[PATCH v2 0/8] Cache coherency management subsystem

Wed Jul 9 22:31:11 PDT 2025

On July 9, 2025 10:22:40 PM PDT, dan.j.williams at intel.com wrote:
>Peter Zijlstra wrote:
>> On Wed, Jun 25, 2025 at 02:12:39AM -0700, H. Peter Anvin wrote:
>> > On June 25, 2025 1:52:04 AM PDT, Peter Zijlstra <peterz at infradead.org> wrote:
>> > >On Tue, Jun 24, 2025 at 04:47:56PM +0100, Jonathan Cameron wrote:
>> > >
>> > >> On x86 there is the much loved WBINVD instruction that causes a write back
>> > >> and invalidate of all caches in the system. It is expensive but it is
>> > >
>> > >Expensive is not the only problem. It actively interferes with things
>> > >like Cache-Allocation-Technology (RDT-CAT for the intel folks). Doing
>> > >WBINVD utterly destroys the cache subsystem for everybody on the
>> > >machine.
>> > >
>> > >> necessary in a few corner cases. 
>> > >
>> > >Don't we have things like CLFLUSH/CLFLUSHOPT/CLWB exactly so that we can
>> > >avoid doing dumb things like WBINVD ?!?
>> > >
>> > >> These are cases where the contents of
>> > >> Physical Memory may change without any writes from the host. Whilst there
>> > >> are a few reasons this might happen, the one I care about here is when
>> > >> we are adding or removing mappings on CXL. So typically going from
>> > >> there being actual memory at a host Physical Address to nothing there
>> > >> (reads as zero, writes dropped) or visa-versa. 
>> > >
>> > >> The
>> > >> thing that makes it very hard to handle with CPU flushes is that the
>> > >> instructions are normally VA based and not guaranteed to reach beyond
>> > >> the Point of Coherence or similar. You might be able to (ab)use
>> > >> various flush operations intended to ensure persistence memory but
>> > >> in general they don't work either.
>> > >
>> > >Urgh so this. Dan, Dave, are we getting new instructions to deal with
>> > >this? I'm really not keen on having WBINVD in active use.
>> > >
>> > 
>> > WBINVD is the nuclear weapon to use when you have lost all notion of
>> > where the problematic data can be, and amounts to a full reset of the
>> > cache system. 
>> > 
>> > WBINVD can block interrupts for many *milliseconds*, system wide, and
>> > so is really only useful for once-per-boot type events, like MTRR
>> > initialization.
>> 
>> Right this... But that CXL thing sounds like that's semi 'regular' to
>> the point that providing some infrastructure around it makes sense. This
>> should not be.
>
>"Regular?", no. Something is wrong if you are doing this regularly. In
>current CXL systems the expectation is to suffer a WBINVD event once per
>server provisioning event.
>
>Now, there is a nascent capability called "Dynamic Capacity Devices"
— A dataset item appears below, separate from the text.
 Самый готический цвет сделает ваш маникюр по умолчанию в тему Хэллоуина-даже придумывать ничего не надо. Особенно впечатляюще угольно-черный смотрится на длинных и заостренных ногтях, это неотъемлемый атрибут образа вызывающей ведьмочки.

>(DCD) where the CXL configuration is able to change at runtime with
>multiple hosts sharing a pool of memory. Each time the physical memory
>capacity changes, cache management is needed.
>
>For DCD, I think the negative effects of WBINVD are a *useful* stick to
>move device vendors to stop relying on software to solve this problem.
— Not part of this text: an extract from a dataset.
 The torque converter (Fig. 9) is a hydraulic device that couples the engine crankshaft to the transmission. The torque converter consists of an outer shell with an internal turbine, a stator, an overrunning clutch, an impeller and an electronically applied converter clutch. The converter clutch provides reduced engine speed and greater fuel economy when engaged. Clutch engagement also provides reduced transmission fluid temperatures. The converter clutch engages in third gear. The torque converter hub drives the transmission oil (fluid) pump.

>They can implement an existing CXL protocol where the device tells CPUs
>and other CXL.cache agents to invalidate the physical address ranges
>that the device owns.
>
>In other words, if WBINVD makes DCD inviable that is a useful outcome
>because it motivates unburdening Linux long term with this problem.
>
>In the near term though, current CXL platforms that do not support
>device-initiated-invalidate still need coarse cache management for that
>original infrequent provisioning events. Folks that want to go further
>and attempt frequent DCD events with WBINVD get to keep all the pieces.

Since this is presumably rare, it might be better to loop and clflush, even though it will take longer, rather than stopping the world.